NOAA Predicts Warmer Winter for U.S., Droughts to Persist in the South


Forecasters with the National Oceanic and Atmospheric Administration (NOAA) are predicting above-average temperatures over most of the country and a continuation of drier-than-average conditions across already drought-stricken parts of the Southwest and Southeast.

These forecasts were made in NOAA's winter outlook for the United States, announced on Oct. 9 at the 2007-2008 Winter Fuels Outlook Conference in Washington, D.C.

"La Niña is here, with a weak-to-moderate event likely to persist through the winter," said Michael Halpert, head of forecast operations and acting deputy director of NOAA's Climate Prediction Center. "While December through February is likely to be another milder-than-average winter for much of the country, people should still expect some bouts of winter weather."
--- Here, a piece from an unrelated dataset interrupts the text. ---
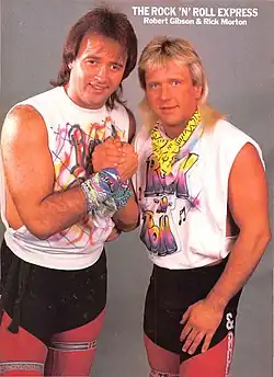 ![]() The Rock 'n' Roll Express, c. 1985; Morton (left) and Gibson (right). | |
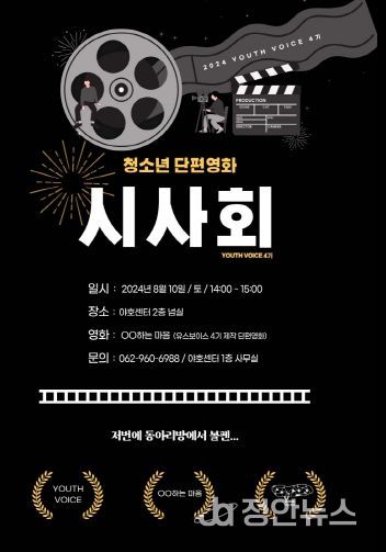 정안뉴스 박상욱 기자 | 광주 광산구는 청소년들의 자전적 이야기를 담은 영화 제작 프로젝트 ‘Youth Voice’ 시사회가 오는 10일 월곡동 청소년문화의집 야호센터에서 열린다고 밝혔다.

For the 2007 to 2008 U.S. winter, from December through February, NOAA seasonal forecasters predict:

  • In the Northeast and the Mid-Atlantic, temperatures are expected to be above average in response to the long-term warming trend. Snowfall for the region will depend on other climate factors, which are difficult to anticipate more than one-to-two weeks in advance.
  • The drought-plagued Southeast is likely to remain drier-than-average due to La Niña, while temperatures are expected to be above average.
  • In the Great Lakes and Tennessee Valley, temperatures and precipitation should be above average.
  • The south-central Plains should see drier-than-average conditions and warmer-than-average temperatures. Above-average temperatures are also expected in the central Plains. The northern Plains could see a range from above-average to below-average temperature and precipitation.
  • The Northwest also could see above-average to below-average temperatures. Precipitation should be above average in much of the region due to La Niña.
  • Drought conditions are expected to persist in the Southwest due to La Niña, and temperatures are likely to be above average.
  • Northern Alaska is expected to have milder-than-average temperature and precipitation, while the rest of Alaska could see a range from above-average to below-average temperatures and precipitation. In Hawaii, temperatures and precipitation are expected to be above average.